Возможно, тут срабатывала и слепая сила биологической самозащиты; мы были молоды, жили надеждами, надеждами и на то, что невиновные будут оправданы судами, жили, не зная реального ужаса лагеря, как и немецкий обыватель не подозревал ада Освенцима или Майданека. Жили, и вокруг была жизнь, не только миллионы неведомых людей, но и десятки или сотни тех, чье существование близко касалось нас.

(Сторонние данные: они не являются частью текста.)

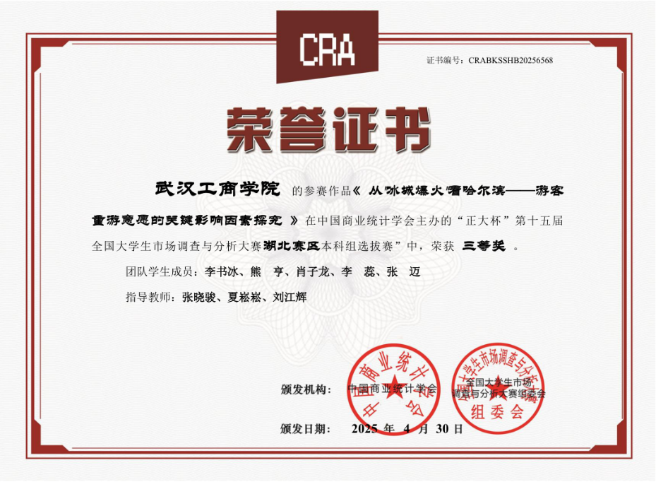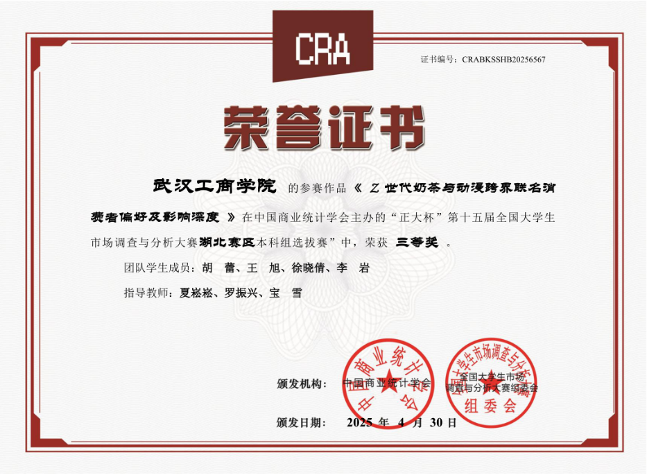 经济与商务外语学院新闻中心讯(记者:于昊阳)2025年4月26日,“正大杯”第十五届全国大学生市场调查与分析大赛湖北赛区本科生组选拔赛在中南财经政法大学圆满落幕。本次赛事吸引全省57所本科高校的3000余支队伍同台竞技,竞争激烈。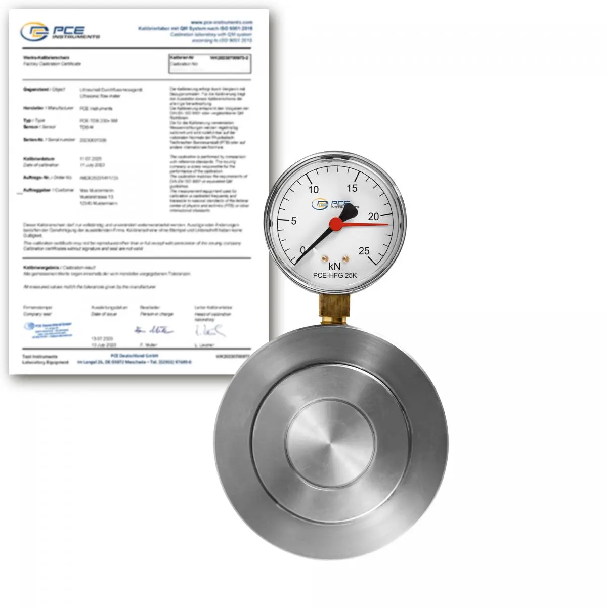 Eine Kraftmessdose basiert auf dem Prinzip, dass die Kraft die auf den Druckstempel wirkt, hydraulisch gemessen wird. Der erzeugte hydraulische Druck wird von der Kraftmessdose auf einer Skala in Newton angezeigt. Mit dem integrieren Schleppzeiger kann unsere Kraftmessdose den jeweiligen maximalen Messwert anzeigen.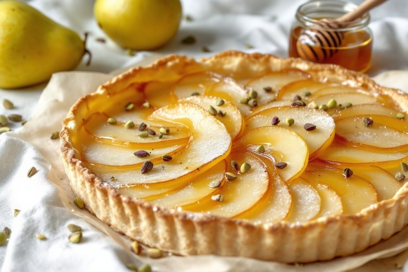 La présentation compte ! Une tarte fine encore tiède, posée sur une planche en bois ou un plat rustique, sublime l’instant du dessert. Quelques lamelles de poires crues, un filet de miel posé à la dernière minute, une pincée de sucre glace : le plaisir commence dès le regard. Pour impressionner petits et grands, une découpe en parts fines révèle l’alvéole croustillante de la pâte et la brillance du miel : succès garanti.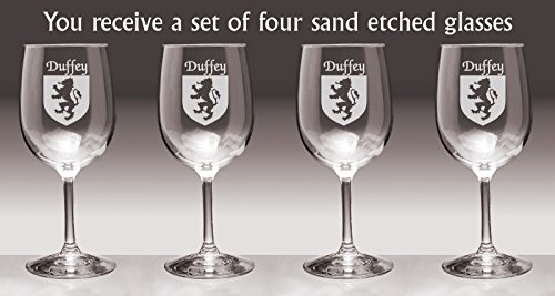 Duffey Irish Coat of Arms Wine GlassesWhat occasion couldn’t be made more special with a toast? And how special would it be to toast with wine glasses etched with your authentic Irish name and coat of arms?  For your most special occasions, or everyday weekday dinners, choose this durable, well-balanced and elegant wine glass, suitable for white or red. Each Irish coat of arms wine glass is permanently and professionaly sand-etched with your surname and family crest. 13 oz. Choose from over 1000 available coat of arms.Washing Instructions:Dishwasher and microwave safe. Authentic Irish Family Coat of Arms Over 25 years of Heraldry Research Set of 4 Irish Coat of Arms Wine Glasses (Sand Etched) High quality sand etching Each glass holds 13 ounces of your favorite Wine+Product height: 7-1/2″Maximum diameter: 3-3/8″Top diameter: 2-7/8″Bottom diameter: 3-1/4″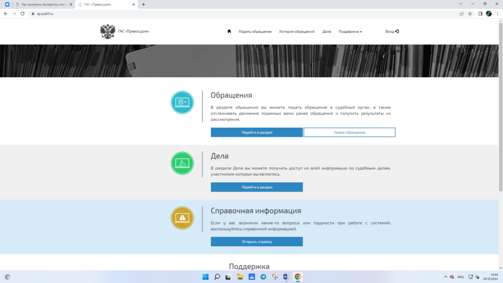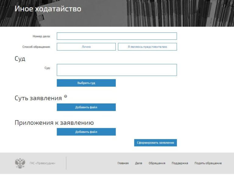В открывшемся окне введите номер дела, выберите способ обращения, выберите суд, в который должно поступить ваше обращение. В «Суть заявления» необходимо прикрепить ваше ходатайство, а в «Приложения к заявлению» загрузить заключение.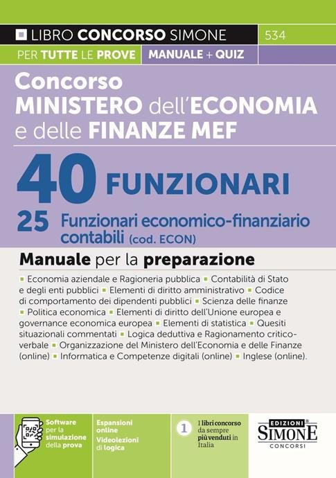 534 CONCORSO MINISTERO DELL'ECONOMIA E DELLE FINANZE MEF 40 FUNZIONARI - 25 FUNZIONARI ECONOMICO-FINANZIARIO CONTABILI (COD. ECON) - MANUALE PER LA PREPARAZIONE

Наше окружение, друзья, наши товарищи.
И эти вот люди, с памятным мне выражением глаз, со своими тревогами и колебаниями, во все трудные дни жизни укрепляли во мне веру в людей и, может быть, удерживали от падения.
Трижды собирал инструктор ЦК ЛКСМУ комсомольское собрание Комитета по делам искусств в Киеве — после «разоблачительной» обо мне статьи в «Комсомольце Украины», — стучал кулаком по столу, угрожал: «Вы хотите, чтобы Борщаговского посадили с комсомольским билетом в кармане?!» И трижды пятнадцать комсомольцев единогласно голосовали против исключения меня из комсомола, требовали проверки и еще проверки, еще комиссии!
Что за чудо! Что за идиллия? — скептически улыбнутся люди моего поколения, даже и не претерпевшие. Что сказать о тех, кто попал в костоломку, в ГУЛАГ, объявлялся агентом не одной, а нескольких иностранных разведок? О тех, кому и не снились руки голосующих товарищей?
Через три с половиной года, в 1940 году, я, тогда уже член партии, провинился перед Никитой Хрущевым, критикуя пьесу его любимца и фаворита Александра Корнейчука. Заведующий Отделом культуры ЦК КП(б)У, литературовед Ю. Кобелецкий, передал секретарю партийного бюро Киевского театрального института прямое указание Хрущева: «Гнать его из партии!» «Даже не подумаем ставить этот вопрос на партийное собрание, — ответил Иван Пискун, секретарь партийного бюро института. — Никто не поддержит исключение Борщаговского за статью о комедии Корнейчука „В степях Украины“. Мы склонны строго указать ему за либеральную критику вредной пьесы…»
Сегодня трудно и представить себе такое, но было так. Мог ли я не проникнуться и тут верой в совестливость и принципиальность людей?
Существовала, вероятно, и другая причина уступчивости Хрущева, о ней тогда же рассказал мне зять Никиты Сергеевича, Виктор Гонтарь, и я, справедливости ради, не могу умолчать о ней. За обедом в доме у Н. С., желая угодить своему гостю, Корнейчуку, и уже на подпитии, хозяин дома вслух предложил не только выгнать меня из партии, но и… выселить из Киева. Корнейчук горячо заступился за меня, уверяя Хрущева, что я честный человек и критик, только придирчив к нему, но без умысла. Возможно, спасло меня это, а не дерзость Ивана Пискуна.